Index(['+1', '+2', '+3', '+4', '-4'], dtype='object')


In [128]:
americas_combined_df[["+1"]] = americas_combined_df[["+1"]].fillna(americas_combined_df[["+1"]].mean())
americas_combined_df[["+2"]] = americas_combined_df[["+2"]].fillna(americas_combined_df[["+2"]].mean())
americas_combined_df[["+3"]] = americas_combined_df[["+3"]].fillna(americas_combined_df[["+3"]].mean())
americas_combined_df[["+4"]] = americas_combined_df[["+4"]].fillna(americas_combined_df[["+4"]].mean())
americas_combined_df[["-4"]] = americas_combined_df[["-4"]].fillna(americas_combined_df[["-4"]].mean())
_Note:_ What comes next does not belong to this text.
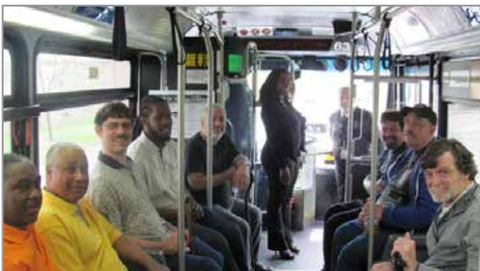
NJTIP @ Rutgers Connect to Transit bus demonstration at Opportunity Project, May 7, 2014

Lessons are taught in many different ways and are customizable to the individual or group. Programs include One-on-One Travel Instruction and Small Group Travel Instruction. Additional seminars and services, such as Train-the-Trainer and In-School Travel Instruction are available for professionals and students in high school transition programs, respectively.

null_columns = americas_combined_df.columns[americas_combined_df.isnull().any()]
print(null_columns)

Index([], dtype='object')


In [129]:
total_pistol_rounds = americas_combined_df["Pistol Rounds Won"] + americas_combined_df["Pistol Rounds Won Opp"]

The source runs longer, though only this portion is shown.